DIRECTIONS: Could you please retype exactly the lines from the start of the records below through the line that contains "4月25日,吉林延边边防支队", both included, and leave out the pictures?

SUPPLIED MATERIAL:

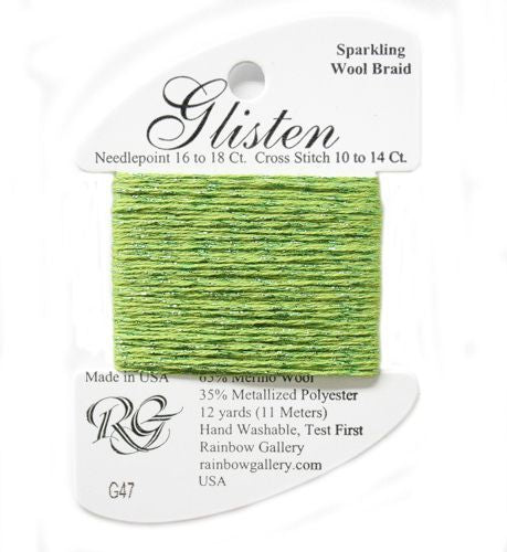 This is Glisten from Rainbow Gallery in color 047 Chartreuse. A sparkly thread with a wool base. Great for adding just a hint of sparkle. Use as-is on 18 mesh.
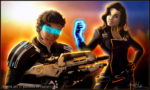 If I may make a critique: perhaps Ashley should be wearing the blue hardsuit. If only to better fit the theme of this piece (having the characters wear combat armour)
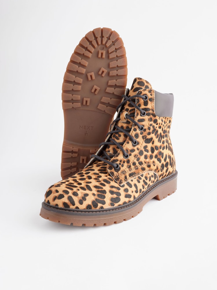 Leopard Standard/Wide Fit Forever Comfort® Lace-Up Collared Boots
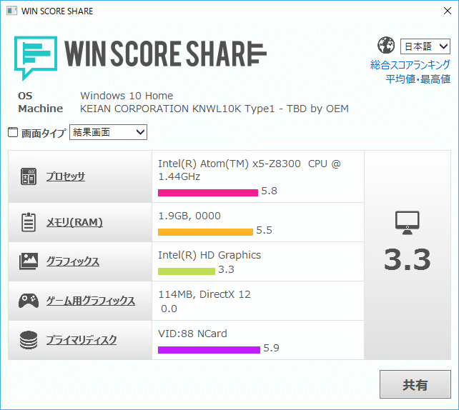 ※DXDIAGで見ると DirectX 12はインストールされているようなのですが、 Scoreが0ですね
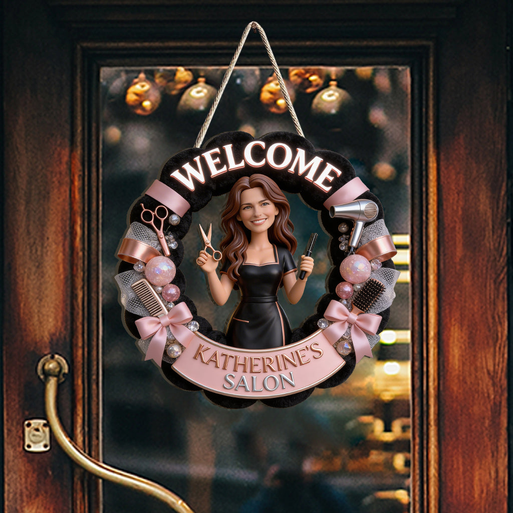 Any Photo Hair Salon Welcome Sign - Personalized Hairdresser Custom Shaped Wood Sign
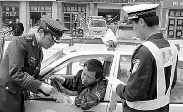 4月25日,吉林延边边防支队安图大队的武警(左)与长白山管理委员会交警支队的交警一起向辖区内出租车司机讲解行车注意事项。(据新华社)
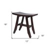 The 18-inch dark brown teak rectangular shower bench combines style and functionality for your bathing space. Crafted from high-quality teak, this bench boasts a modern design that enhances any bathroom decor. The rectangular seat shape provides ample space for sitting comfortably. Equipped with non-slip feet, this bench ensures safety and stability on wet surfaces. Additionally, the leg levelers allow for easy adjustment on uneven floors, making it a practical addition to your shower setup. Enjoy the perfect blend of luxury and convenience with this exquisite shower bench. 18-inch h x 18-inch w x 12-inch d.
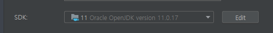 NO SDK라고 되어있는 것을 JDK 11로 변경해주었다.
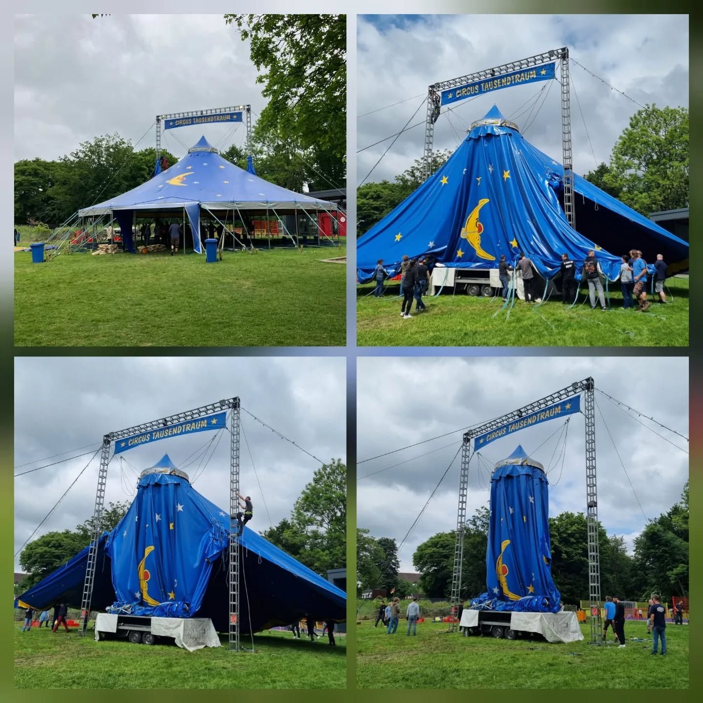 Bereits am Montag reisten die Artisten mit ihren Wohnwagen und Transportern an. Insgesamt 13 Fahrzeuge, darunter das große blau-gelbe Zirkuszelt, machten aus dem Schulhof ein echtes Zirkusdorf. Schnell begannen die Aufbauarbeiten, bei denen auch viele Eltern tatkräftig halfen.Innerhalb weniger Stunden stand das Zelt - und die Vorfreude war greifbar!
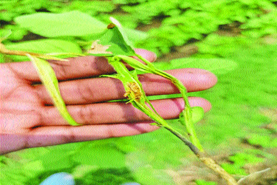 गुना. कृषि विज्ञान केंद्र के अनुसार वर्तमान में सोयाबीन की फसल बेहतर स्थिति में है, लेकिन कहीं-कहीं वर्षा कम होने के कारण फसल मुरझा रही है। वरिष्ठ वैज्ञानिक डॉ अखिलेश श्रीवास्तव के अनुसार कीट का प्रकोप पूरे जिले में है। सही कीटनाशक का उपयोग सही समय पर किया जाना जरूरी हो गया है। मुख्य रूप से चना की इल्ली, सेमीलूपर तथा तना मक्खी कीट का प्रकोप है। तना मक्खी कीट पुष्पन और फलन पर असर डालेगा। पौधे में पीलापन दिखाई देगा। इससे पौधे सूखने लगते हैं और पीले दिखाई देते हैं।
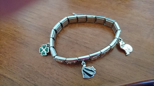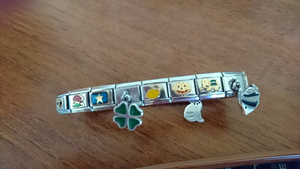 Оригинальный браслет, 18 звеньев, 4 из них с подвесками, остальные эмаль и золото. Покупателю всего браслета в подарок одно звено из классической базы. Возможно продажа поштучно по 800 р за звено с золотом и эмалью и 900 за звенья с подвесками. В приоритете продажа целиком.
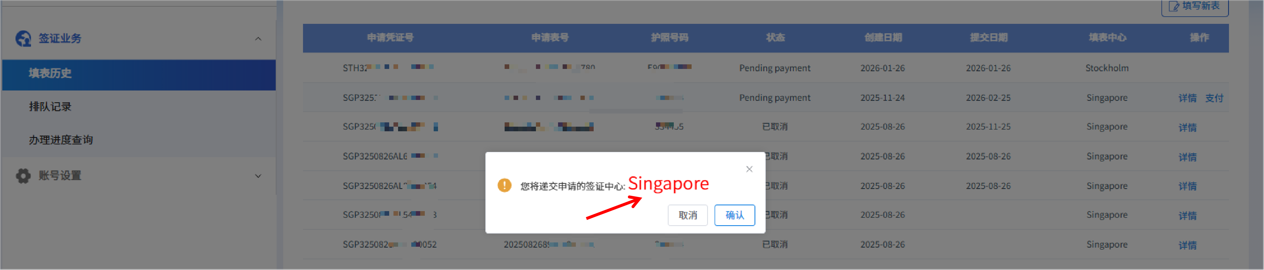 可能您在其他中心提交过申请且尚未终结,须取消该申请后,才能在新加坡中心填写表格。取消线上提交申请,请查看如何取消线上提交的申请?-常见问题
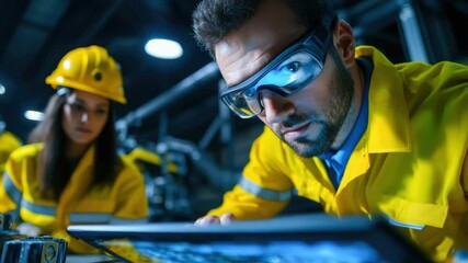 Engineers With Tablet Analyzing Data In Industrial Environment Videos
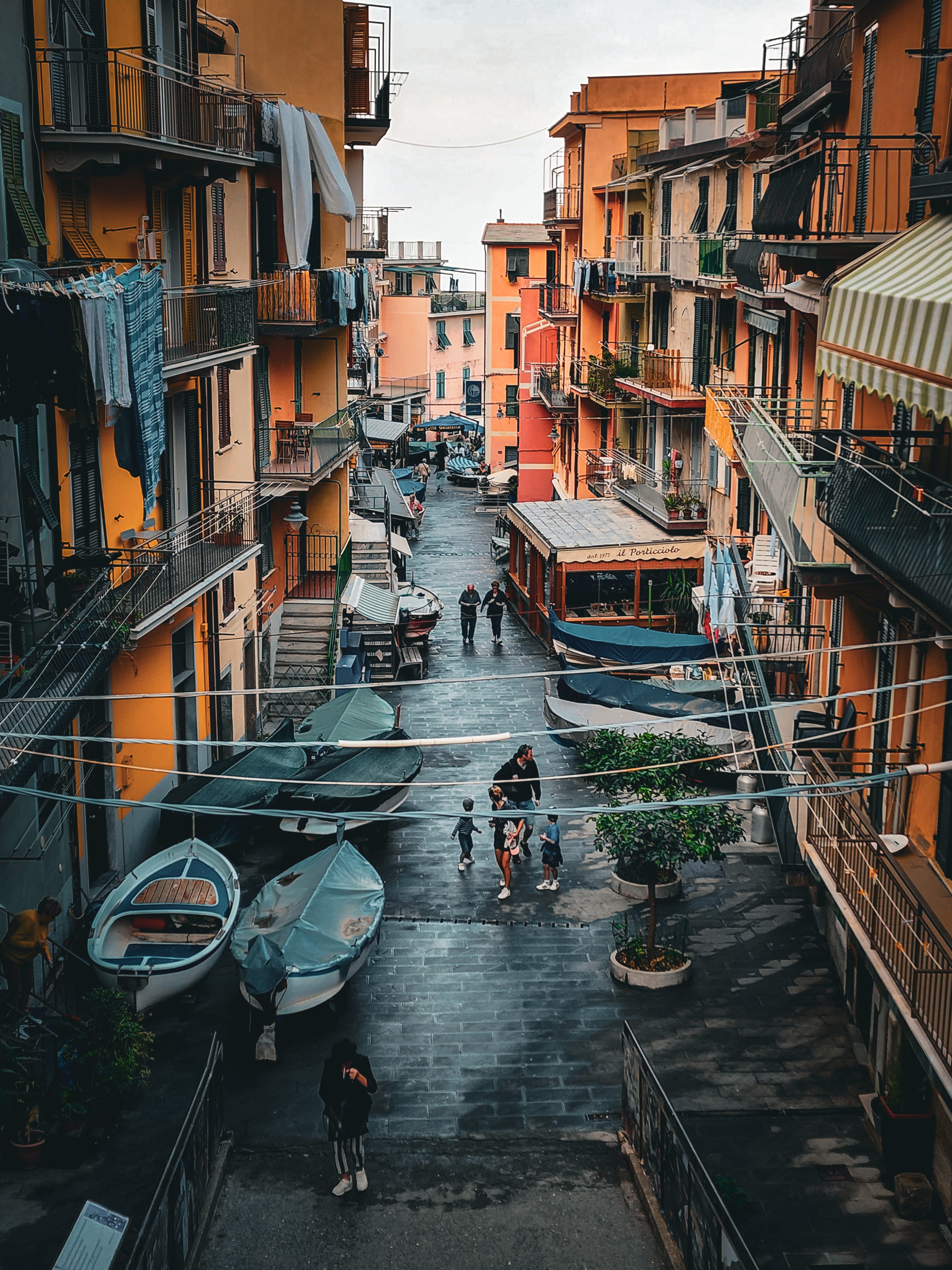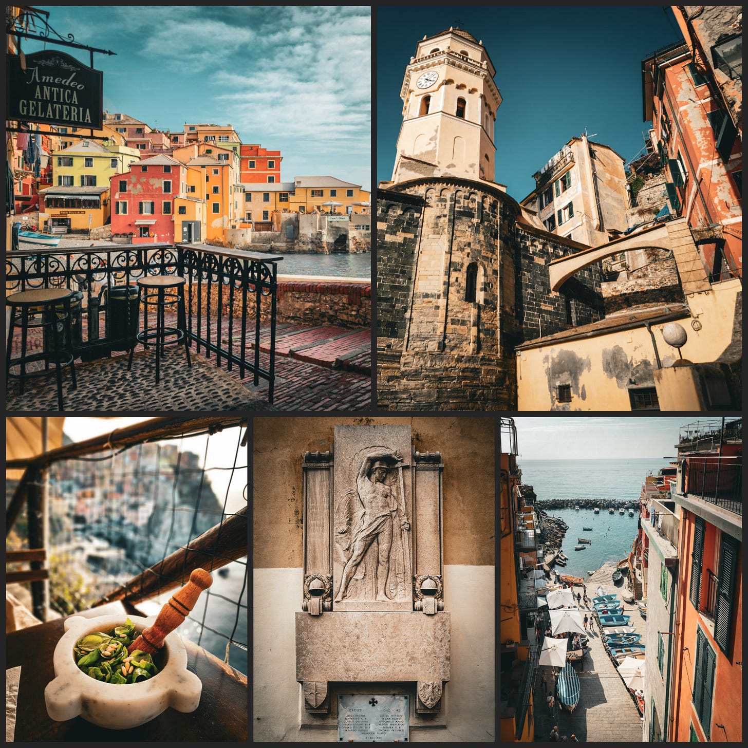 My wife and I took the train south to the Cinque Terre. At Manarola the main street ran downhill from the station to the harbor like a long boat ramp. At Nessun Dorma, on a cliff above the village, we made pesto. At Vernazza a church rose straight from the waterline, built from the same stone as the seawall. Above Riomaggiore, terraced vineyards climbed toward the ridge. We came back to Camogli for dinner. I had caviar pasta and a Negroni. The pasta lives rent free.
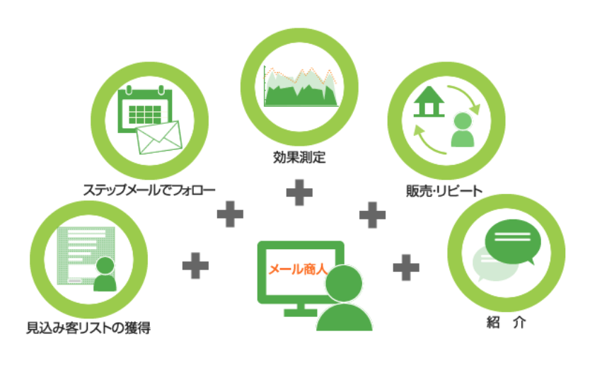 メール商人は、メールマーケティングに必要な機能をオールインワンしたメール配信システム。一括予約配信、セグメントメール、HTMLメール、パーソナライズメール、メール配信後の効果測定、CRM機能、お誕生日メールなど、多岐にわたる機能を提供。

OUTPUT OF THE EXERCISE:
 This is Glisten from Rainbow Gallery in color 047 Chartreuse. A sparkly thread with a wool base. Great for adding just a hint of sparkle. Use as-is on 18 mesh.
 If I may make a critique: perhaps Ashley should be wearing the blue hardsuit. If only to better fit the theme of this piece (having the characters wear combat armour)
 Leopard Standard/Wide Fit Forever Comfort® Lace-Up Collared Boots
 ※DXDIAGで見ると DirectX 12はインストールされているようなのですが、 Scoreが0ですね
 Any Photo Hair Salon Welcome Sign - Personalized Hairdresser Custom Shaped Wood Sign
 4月25日,吉林延边边防支队安图大队的武警(左)与长白山管理委员会交警支队的交警一起向辖区内出租车司机讲解行车注意事项。(据新华社)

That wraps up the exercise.